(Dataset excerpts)
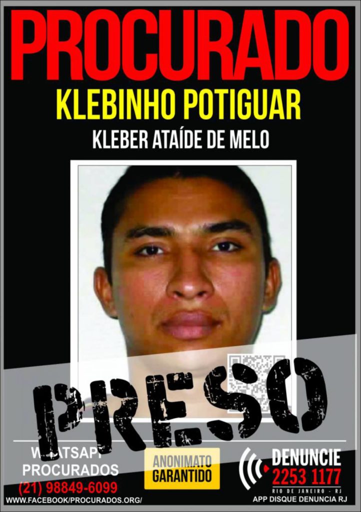 Policiais Militares conseguiram localizar e prender o foragido da Justiça, Kleber Ataíde de Melo, de 40 anos, conhecido como “Klebinho Potiguar”, natural de Natal, no Rio Grande do Norte. Ele foi preso no camelódromo da Rua Uruguaiana, no Centro do Rio, enquanto trabalhava em um quiosque.
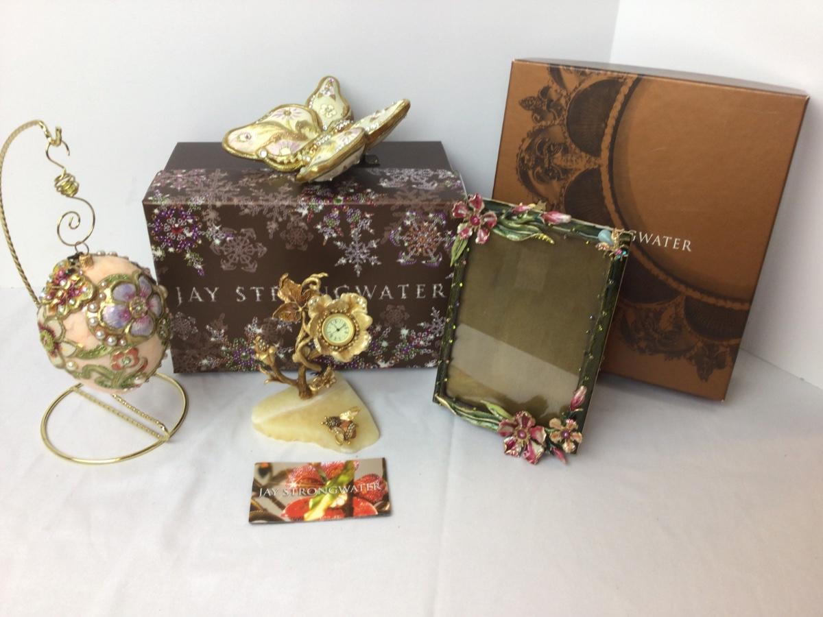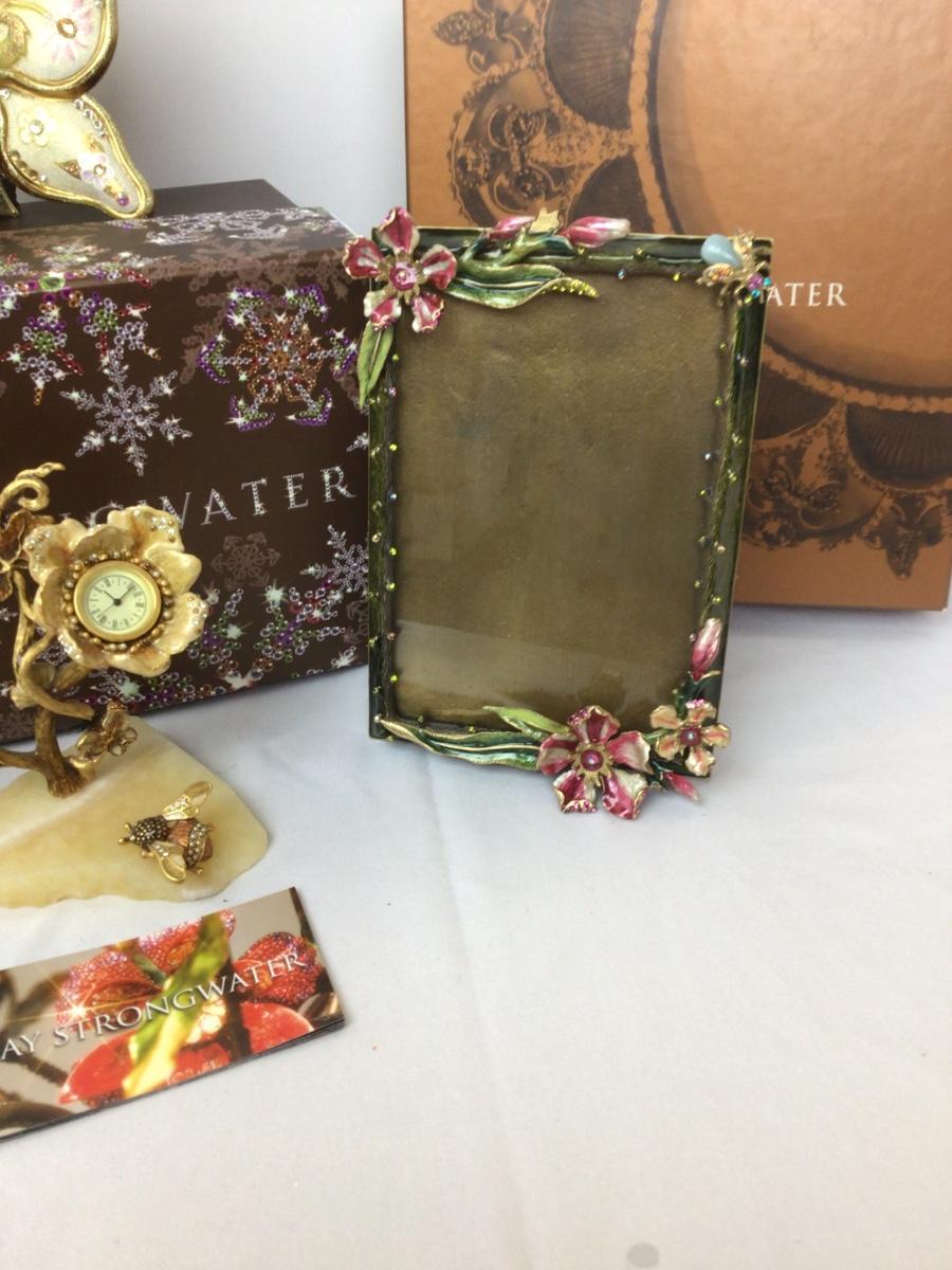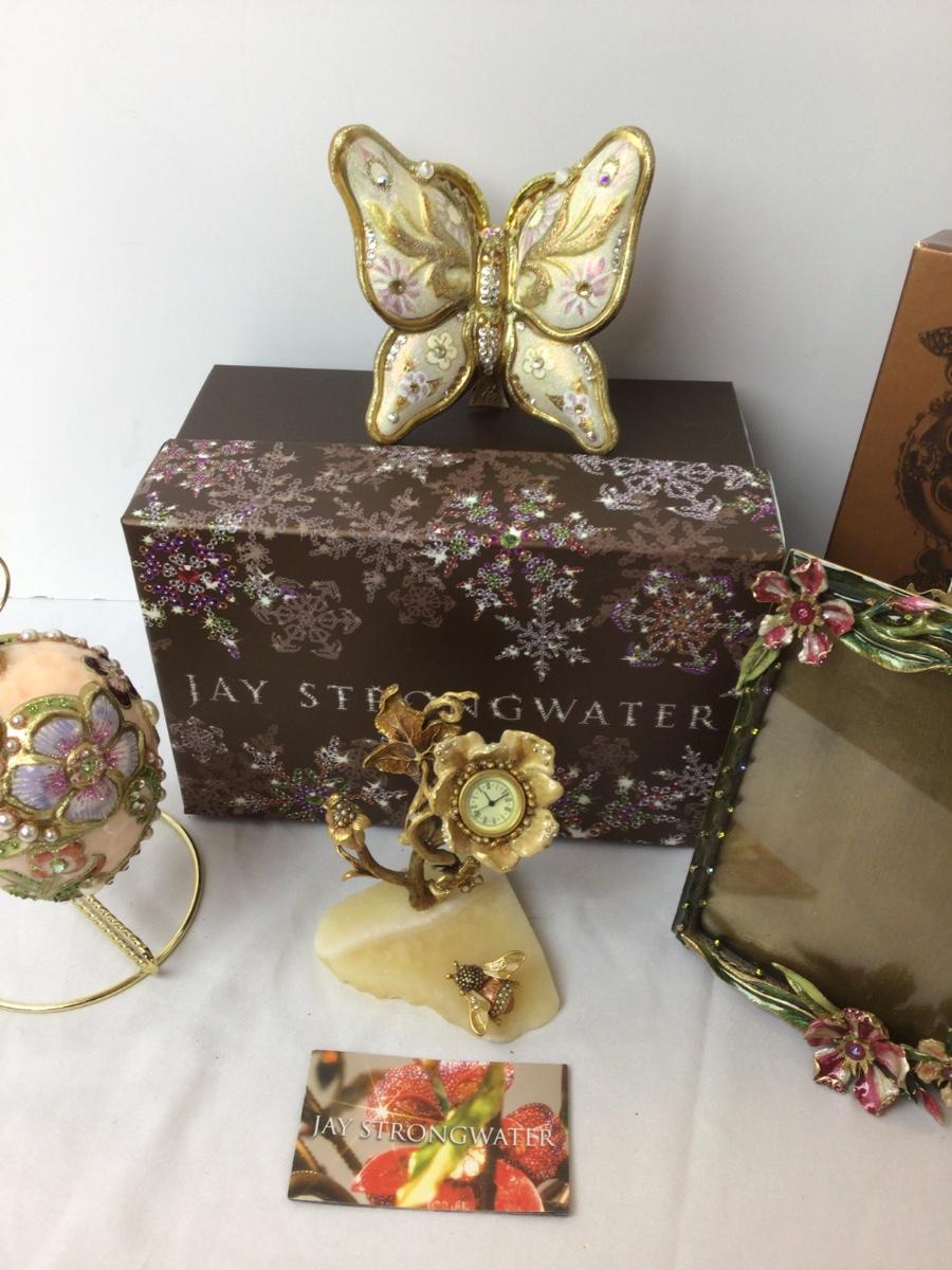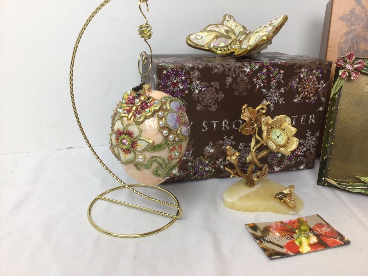 The lot contains jeweled and enameled frames, clock, egg ornament and butterfly clip on tree ornament.
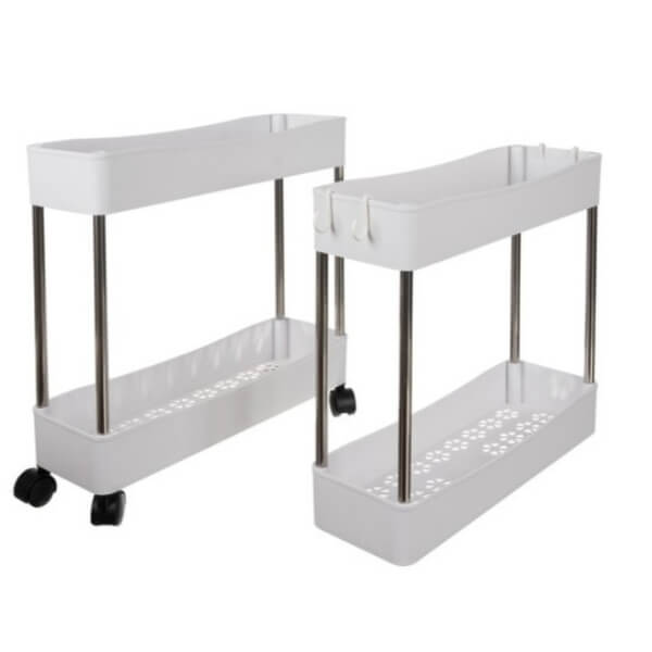 Komplektis on neli konksu, kuhu saab riputada rätikuid, käsnasid või muid tarvikuid. Tänu 360° pöörlevatele ratastele saab riiulit lihtsalt liigutada ka kitsastes ruumides – ei mingit tõstmist!
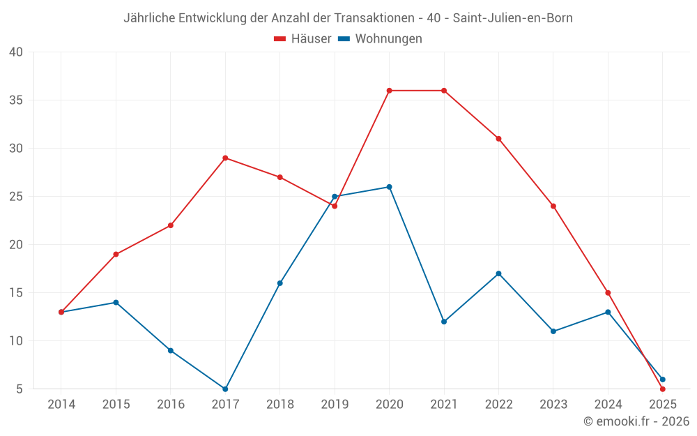Der Durchschnittspreis auf den 24 Wohnungstransaktionen der letzten 24 Monate in der Gemeinde Saint-Julien-en-Born betrug 3 812 € pro Quadratmeter für einen mittleren Immobilienwert von 188 500 €. Über diesen Zeitraum hinweg lagen 60% der Transaktionen zwischen 3 143 und 7 235 € pro Quadratmeter (vom 2. bis zum 8. Dezil).
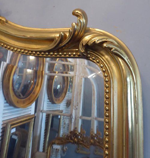 Ref 7959 - Antique French Mirror - Gilt camel crested Louis XV style antique mirror. Finished in original two tone gilt on red. Original bevelled glass with one small surface scratch to back of plate. Original thin veneer back. Circa 1900.
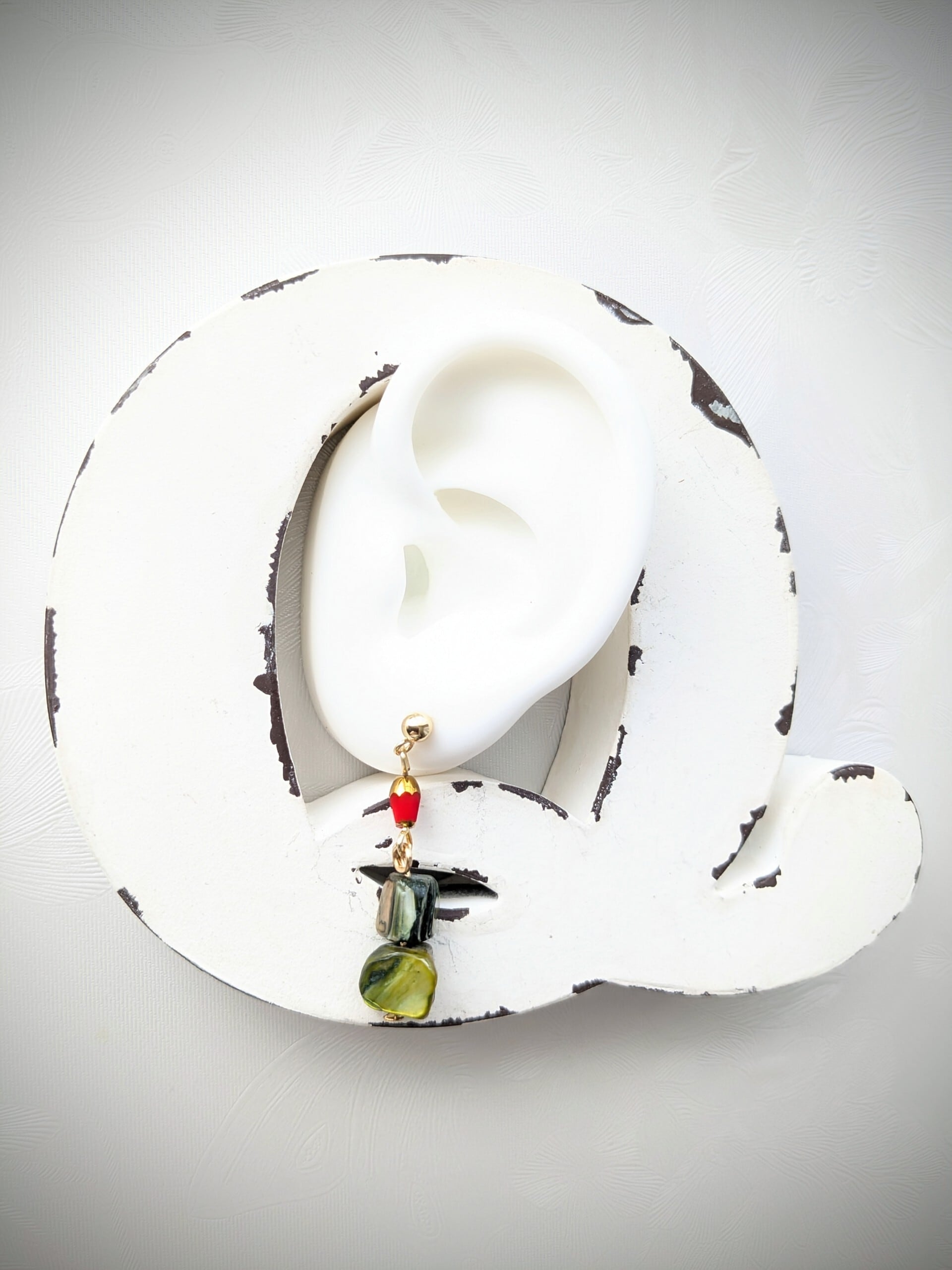 大好きなシェル。シェルのグリーンと、ヴィンテージ風ビーズの朱色のコントラストが美しい耳飾りです。
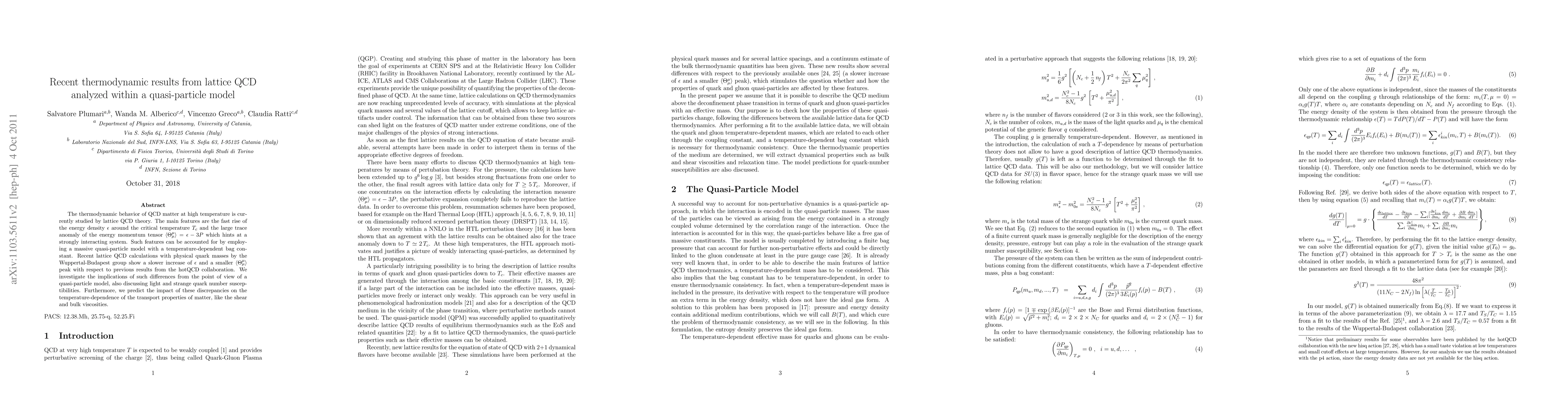 The thermodynamic behavior of QCD matter at high temperature is currently studied by lattice QCD theory. The main features are the fast rise of the energy density $\epsilon$ around the critical temperature $T_c$ and the large trace anomaly of the energy momentum tensor $< \Theta_\mu^\mu >=\epsilon - 3 P$ which hints at a strongly interacting system. Such features can be accounted for by employing a massive quasi-particle model with a temperature-dependent bag constant. Recent lattice QCD calculations with physical quark masses by the Wuppertal-Budapest group have shown a slower increase of $\epsilon$ and a smaller $<\Theta_\mu^\mu>$ peak with respect to previous results from the hotQCD collaboration. We investigate the implications of such differences from the point of view of a quasi-particle model, also discussing light and strange quark number susceptibilities. Furthermore, we predict the impact of these discrepancies on the temperature-dependence of the transport properties of matter, like the shear and bulk viscosities.

- [Problem to solve] Your task is to write out, exactly and without pictures, only the lines from the one holding "Ref 7959 - Antique" to the last line of the data.

- [Answer section]
 Ref 7959 - Antique French Mirror - Gilt camel crested Louis XV style antique mirror. Finished in original two tone gilt on red. Original bevelled glass with one small surface scratch to back of plate. Original thin veneer back. Circa 1900.
 大好きなシェル。シェルのグリーンと、ヴィンテージ風ビーズの朱色のコントラストが美しい耳飾りです。
 The thermodynamic behavior of QCD matter at high temperature is currently studied by lattice QCD theory. The main features are the fast rise of the energy density $\epsilon$ around the critical temperature $T_c$ and the large trace anomaly of the energy momentum tensor $< \Theta_\mu^\mu >=\epsilon - 3 P$ which hints at a strongly interacting system. Such features can be accounted for by employing a massive quasi-particle model with a temperature-dependent bag constant. Recent lattice QCD calculations with physical quark masses by the Wuppertal-Budapest group have shown a slower increase of $\epsilon$ and a smaller $<\Theta_\mu^\mu>$ peak with respect to previous results from the hotQCD collaboration. We investigate the implications of such differences from the point of view of a quasi-particle model, also discussing light and strange quark number susceptibilities. Furthermore, we predict the impact of these discrepancies on the temperature-dependence of the transport properties of matter, like the shear and bulk viscosities.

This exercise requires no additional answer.